## EXTRACTED INFORMATION
• • • • •

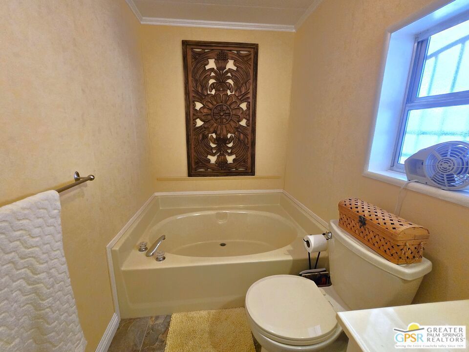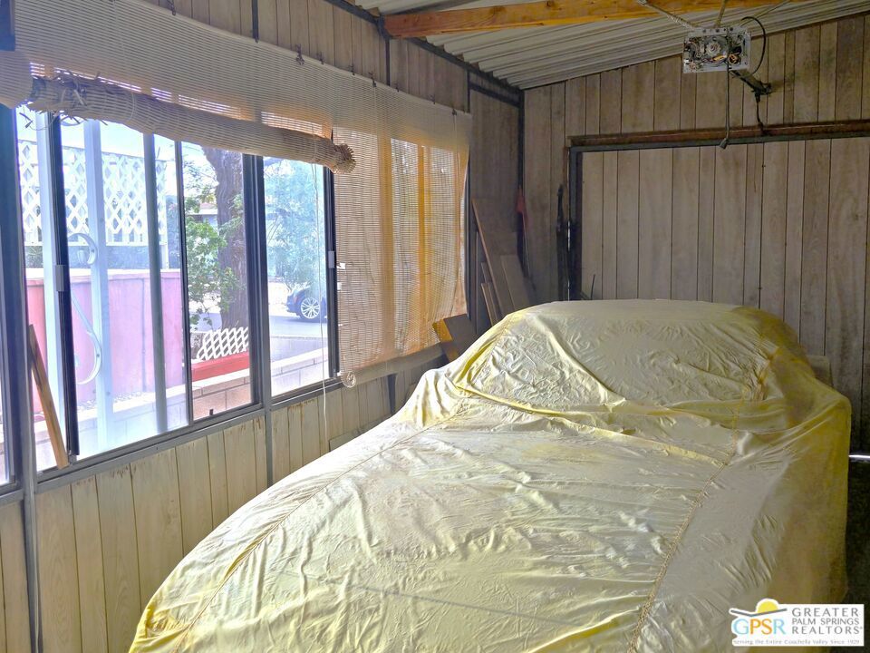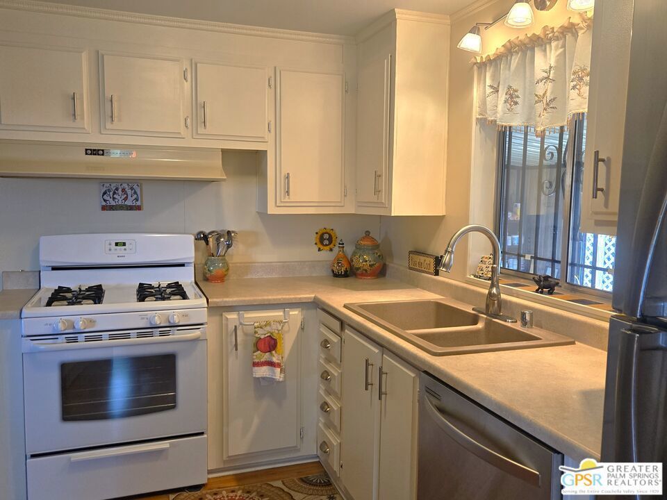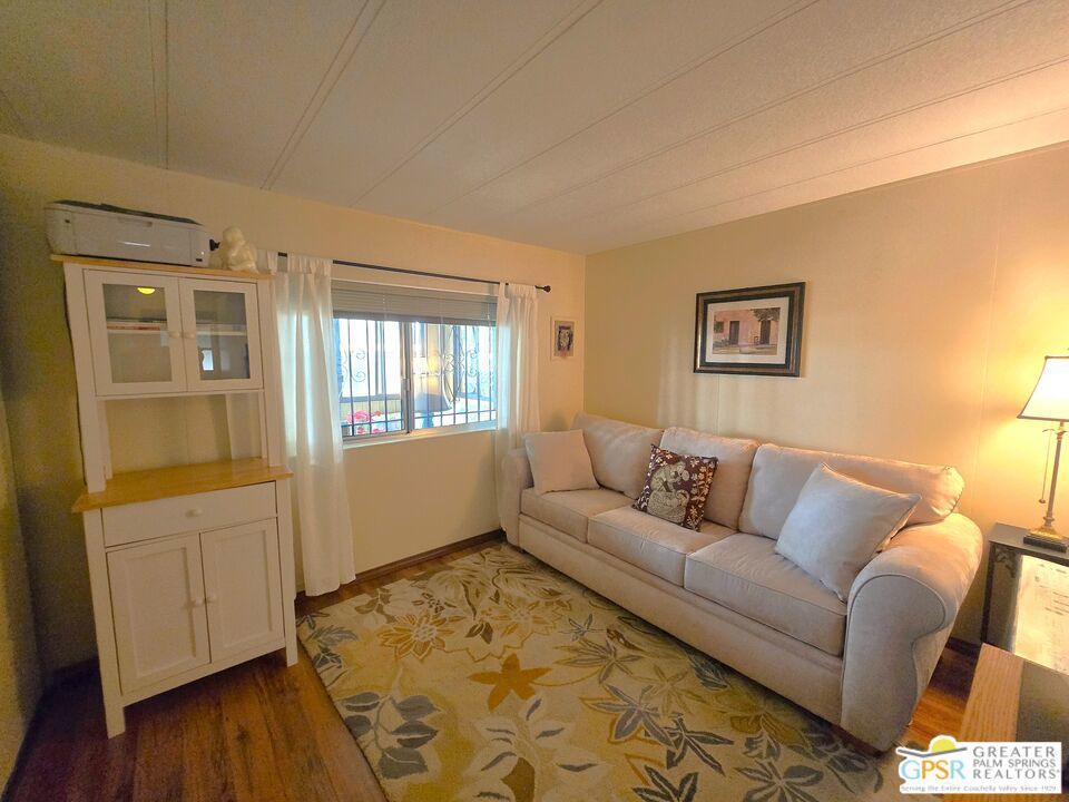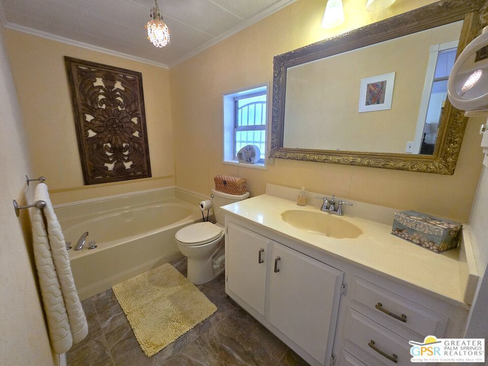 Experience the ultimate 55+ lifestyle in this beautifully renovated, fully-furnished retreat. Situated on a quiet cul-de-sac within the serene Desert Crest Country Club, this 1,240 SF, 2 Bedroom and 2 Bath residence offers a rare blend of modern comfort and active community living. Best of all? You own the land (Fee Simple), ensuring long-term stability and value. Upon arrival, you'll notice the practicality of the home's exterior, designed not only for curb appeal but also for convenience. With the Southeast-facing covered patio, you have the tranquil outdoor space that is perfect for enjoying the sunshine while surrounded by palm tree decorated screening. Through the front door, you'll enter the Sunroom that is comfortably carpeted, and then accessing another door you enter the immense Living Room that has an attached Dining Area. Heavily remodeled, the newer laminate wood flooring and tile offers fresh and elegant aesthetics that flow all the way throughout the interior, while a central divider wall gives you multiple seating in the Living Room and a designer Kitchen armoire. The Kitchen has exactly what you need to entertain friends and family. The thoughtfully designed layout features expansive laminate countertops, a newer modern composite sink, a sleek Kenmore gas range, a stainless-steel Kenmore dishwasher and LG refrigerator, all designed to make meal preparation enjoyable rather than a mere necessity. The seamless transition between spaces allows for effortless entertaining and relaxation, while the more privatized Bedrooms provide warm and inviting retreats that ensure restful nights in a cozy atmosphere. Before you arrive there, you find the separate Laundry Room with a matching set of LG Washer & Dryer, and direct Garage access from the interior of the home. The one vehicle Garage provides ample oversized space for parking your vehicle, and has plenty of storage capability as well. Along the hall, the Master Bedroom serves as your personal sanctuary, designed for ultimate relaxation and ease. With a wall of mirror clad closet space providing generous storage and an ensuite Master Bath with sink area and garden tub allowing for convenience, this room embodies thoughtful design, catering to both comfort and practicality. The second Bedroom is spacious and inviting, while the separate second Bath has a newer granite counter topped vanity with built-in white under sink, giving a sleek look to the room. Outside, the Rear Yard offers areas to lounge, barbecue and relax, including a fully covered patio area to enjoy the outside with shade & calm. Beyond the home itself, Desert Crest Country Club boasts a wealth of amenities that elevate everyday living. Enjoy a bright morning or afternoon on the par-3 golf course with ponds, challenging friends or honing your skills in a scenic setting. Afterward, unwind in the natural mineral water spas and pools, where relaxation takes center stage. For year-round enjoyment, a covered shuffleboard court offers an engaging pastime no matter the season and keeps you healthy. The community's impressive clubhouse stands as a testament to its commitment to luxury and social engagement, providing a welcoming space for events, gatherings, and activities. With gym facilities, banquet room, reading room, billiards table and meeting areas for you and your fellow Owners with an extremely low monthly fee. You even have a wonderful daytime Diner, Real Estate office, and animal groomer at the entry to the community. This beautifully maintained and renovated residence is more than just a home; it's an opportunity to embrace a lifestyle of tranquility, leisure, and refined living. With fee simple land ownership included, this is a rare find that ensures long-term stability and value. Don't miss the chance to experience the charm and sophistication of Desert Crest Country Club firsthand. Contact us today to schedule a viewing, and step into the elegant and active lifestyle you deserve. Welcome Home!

• • • • •

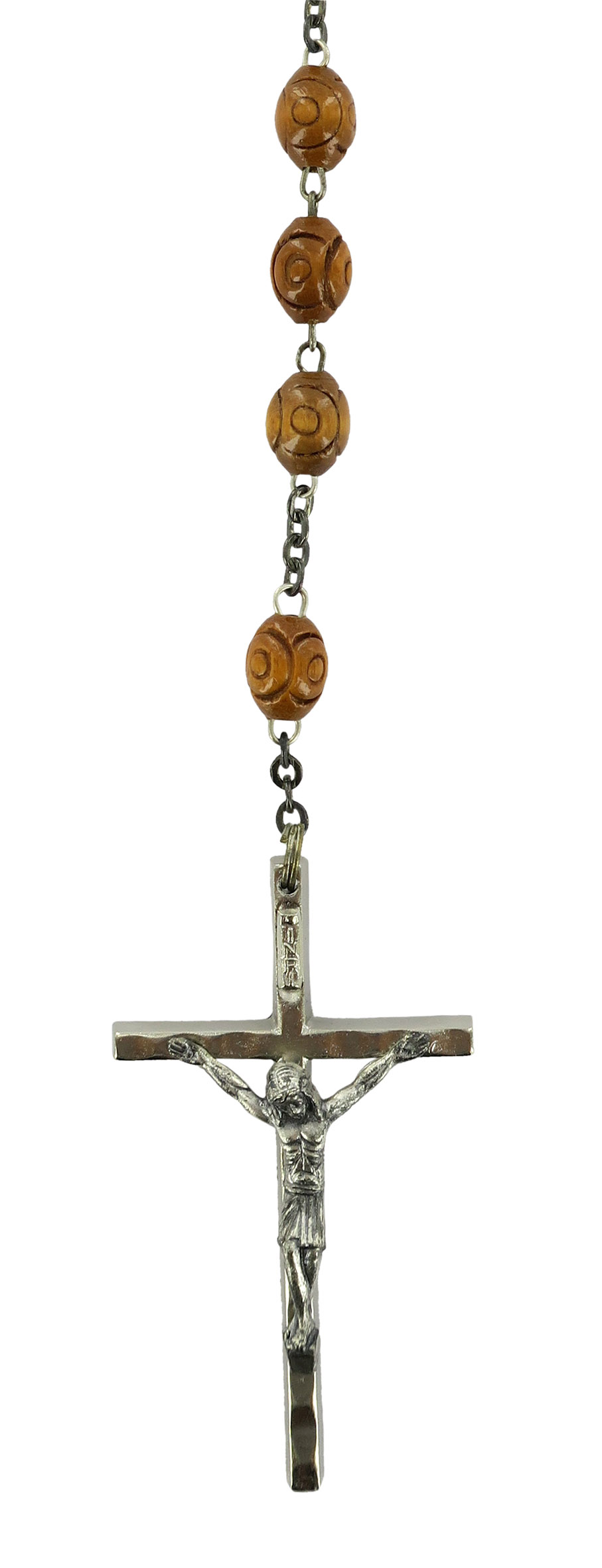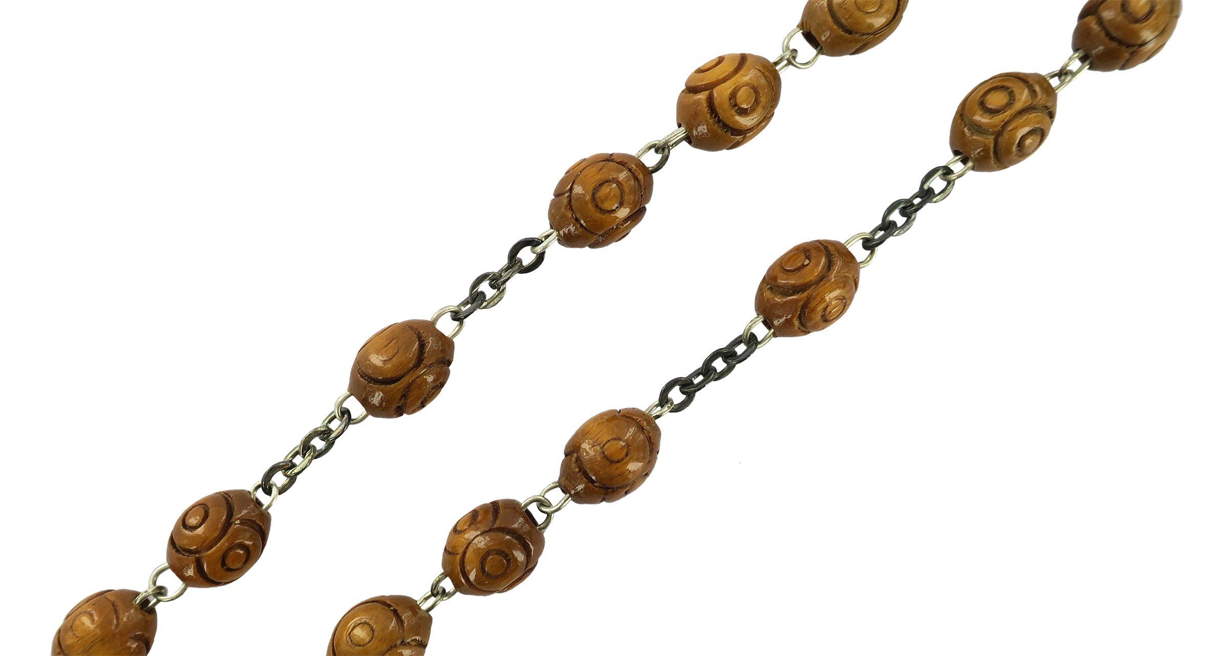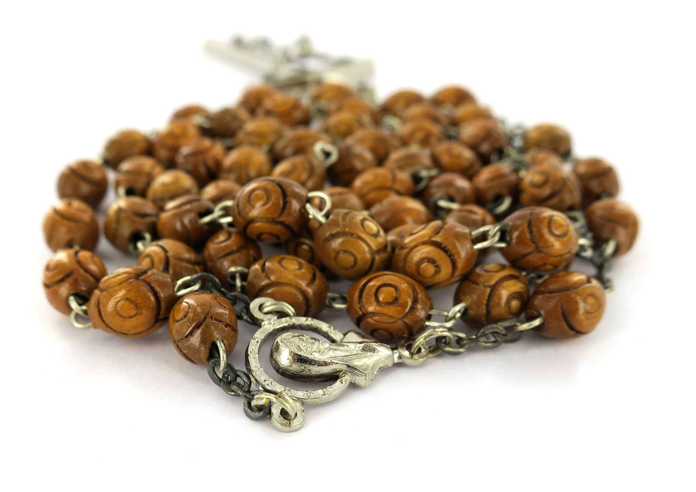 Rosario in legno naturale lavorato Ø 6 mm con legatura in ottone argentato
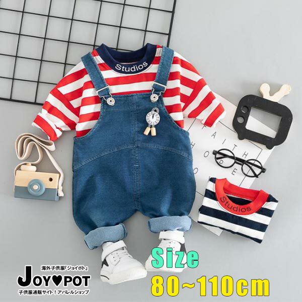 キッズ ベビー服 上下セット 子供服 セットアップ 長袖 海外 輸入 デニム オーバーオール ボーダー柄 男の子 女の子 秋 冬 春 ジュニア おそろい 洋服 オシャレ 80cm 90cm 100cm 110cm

• • • • •

## PROBLEM
Please return the data above exactly as it stands from the line with "Rosario in legno" to the line with "キッズ ベビー服 上下セット", keeping both of those lines but none of the pictures.

## RESULT OF THE EXERCISE
 Rosario in legno naturale lavorato Ø 6 mm con legatura in ottone argentato
 キッズ ベビー服 上下セット 子供服 セットアップ 長袖 海外 輸入 デニム オーバーオール ボーダー柄 男の子 女の子 秋 冬 春 ジュニア おそろい 洋服 オシャレ 80cm 90cm 100cm 110cm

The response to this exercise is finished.